Over warm, shallow coral reefs the surface radiation and energy fluxes differ from those of the open ocean and result in modification to the marine atmospheric boundary layer via the development of convective internal boundary layers. The complex interrelationships between the surface energy balance and boundary-layer characteristics influence local weather (wind, temperature, humidity) and hydrodynamics (water temperature and currents), as well as larger scale processes, including cloud field properties and precipitation. The nature of these inter-relationships has not been accurately described for coral reef environments. This study presents the first measurements of the surface energy balance, radiation budget and boundary layer thermodynamics made over a coral reef using an eddy-covariance system and radiosonde aerological profiling of the lower atmosphere. Results show that changes in surface properties and the associated energetics across the ocean-reef boundary resulted in modification to the marine atmospheric boundary layer during the Austral winter and summer.
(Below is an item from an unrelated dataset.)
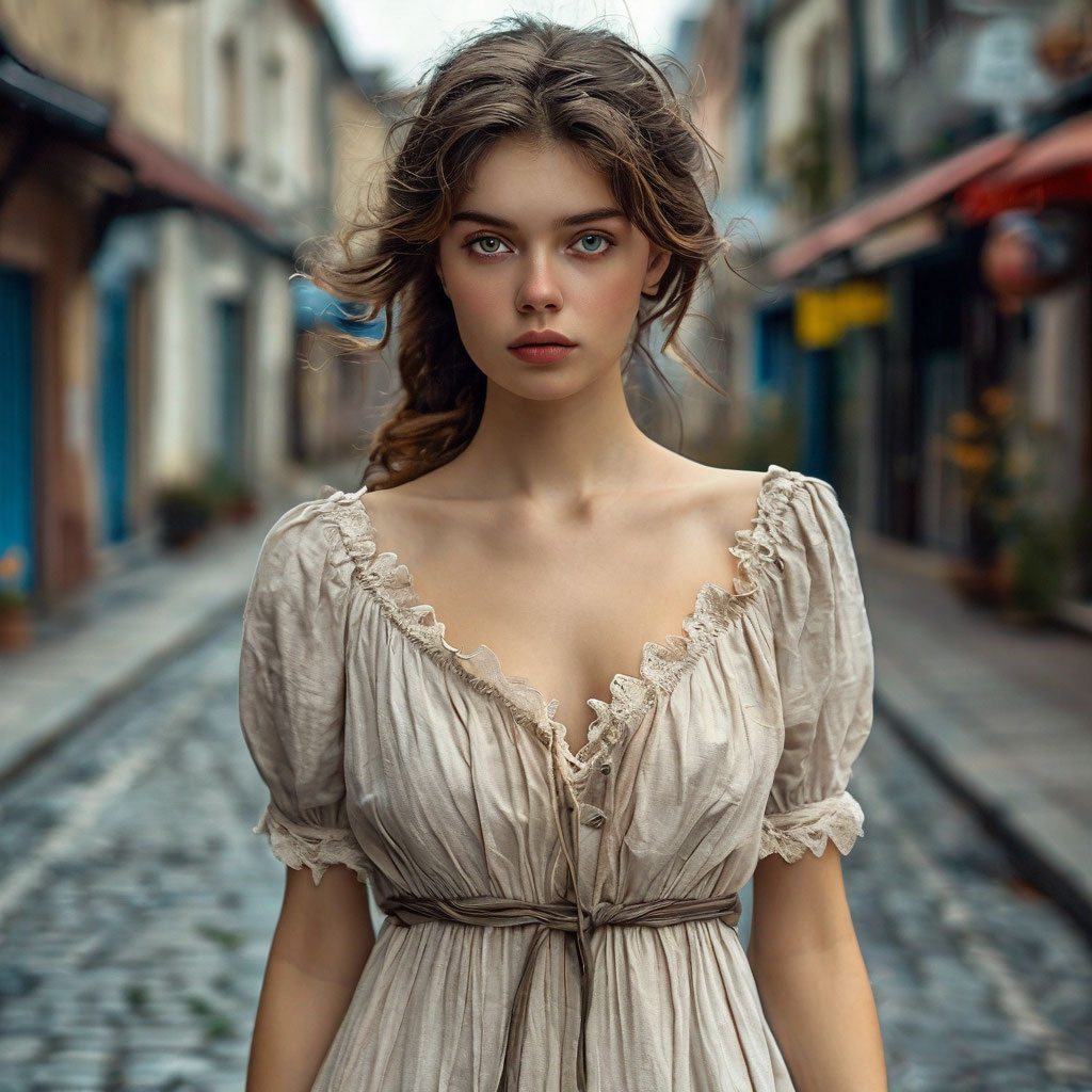 — В таком вот, — Наташа оттянула край холщовой рубашки.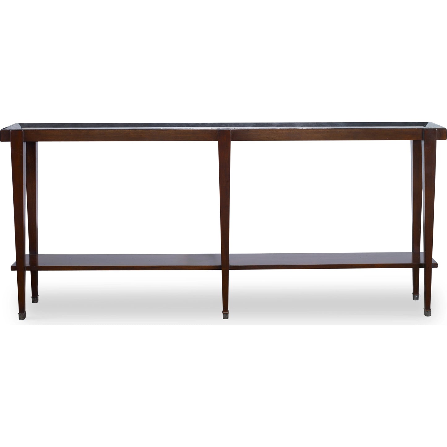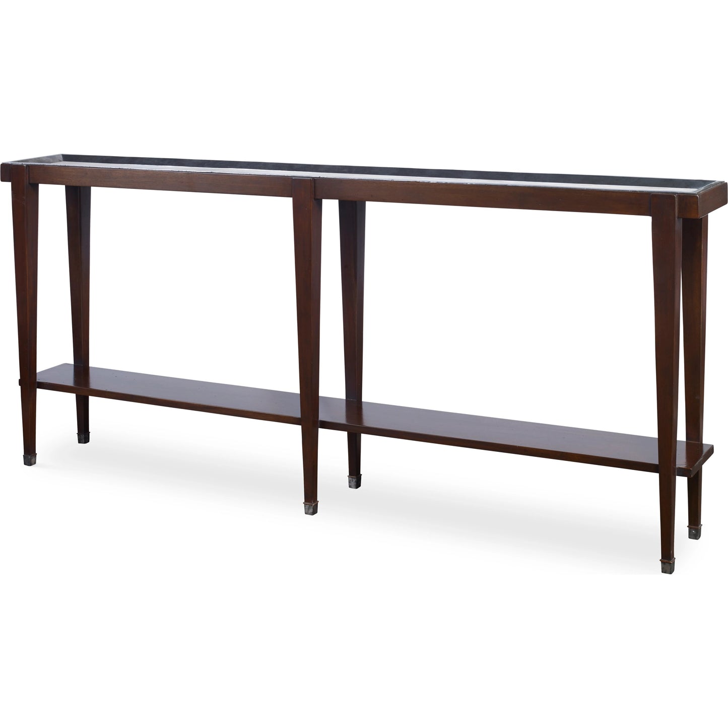 Dark Walnut Finished Winthrop Console Table with Dessert Tan Scagliola Top, Metal Accents.

Internal convective boundary layers developed within the marine atmospheric boundary layer over the reef and were found to be deeper in the summer, yet more unstable during the winter when cold and drier flow from the mainland enhances heat and moisture fluxes to the atmosphere. A mixed layer was identified in the marine atmospheric boundary layer varying from 375 to 1,200 m above the surface, and was deeper during the summer, particularly under stable anticyclonic conditions. Significant cloud cover and at times rain resulted in the development of a stable stratified atmosphere over the reef. Our findings show that, for Heron Reef, a lagoonal platform reef, there was a horizontal discontinuity in surface energy fluxes across the ocean-reef boundary, which modified the marine atmospheric boundary layer.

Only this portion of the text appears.